The angle of elevation of the
top of a vertical tower 50 meters
high from a point X on the ground
is 30 degrees. From a point Y on
the opposite side of the tower, the angle of elevation of the top of
the tower is 60 degrees. Find the
distance between the points X and
V.
A. 14.43m
B. 77.73m
C. 101.03m
D. 115.47m
Let's label the points as follows:
X: Point on the ground where the angle of elevation is 30 degrees
Y: Point on the opposite side of the tower where the angle of elevation is 60 degrees
V: Top of the tower
Now, we can create a right triangle with the following sides:
1) Side VY: This is the height of the tower, which is given as 50 meters.

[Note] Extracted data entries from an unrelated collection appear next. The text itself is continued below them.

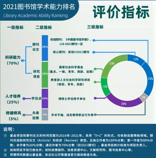 图书馆学术能力排名是首个针对图书馆学术竞争力水平进行综合评价的指数。评价体系涵盖科研能力、人才培养和师德师风在内的3大类10个细分数据类型,使用的均为最能体现图书馆学术水准的量化元指标,并采取期刊+作者综合权重的方式,旨在给出一个具有对标基准、多层次、分权重、符合业界特色的综合评议依据。
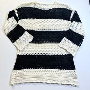 Boho Black & White Striped Crochet Knit Swimwear Cover Up Mini Dress Size Small
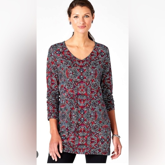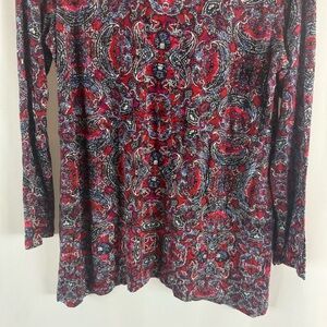 J.Jill Gorgeous V-Neck Knit Tunic ~ True Red Sparkling Paisley Size: M
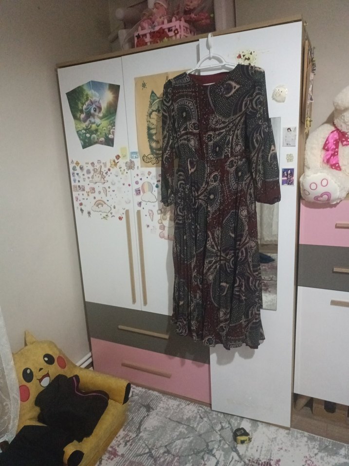 Bordo bohem tarzda, uzun kollu, V yakalı, bol kesim ve drapeli uzun elbise. Tekstil kumaştan, batik desenli, günlük kullanıma uygun.

2) Side XY: This is the distance between points X and Y, which is what we need to find.
3) Side XV: This is the distance between point X and the top of the tower, which is what we need to find.
We can use trigonometry to solve this problem. Let's start with finding the distance XY.
In triangle VXY, we can use the tangent function to relate the angle of elevation and the sides of the triangle:
tan(angle) = opposite/adjacent
In triangle VXY, the angle of elevation at point X is 30 degrees. So, we have:
tan(30) = XY/VY
We know that VY is 50 meters. Therefore, we can solve for XY:
XY = VY * tan(30)
XY = 50 * tan(30)
XY ≈ 28.87 meters
Now, let's find the distance XV.
In triangle VXY, we can use the tangent function again to relate the angle of elevation and the sides of the triangle:
tan(angle) = opposite/adjacent
In triangle VXY, the angle of elevation at point Y is 60 degrees. So, we have:
tan(60) = XV/XY
We know that XY is 28.87 meters. Therefore, we can solve for XV:
XV = XY * tan(60)
XV = 28.87 * tan(60)
XV ≈ 49.74 meters
So, the distance between points X and V is approximately 49.74 meters.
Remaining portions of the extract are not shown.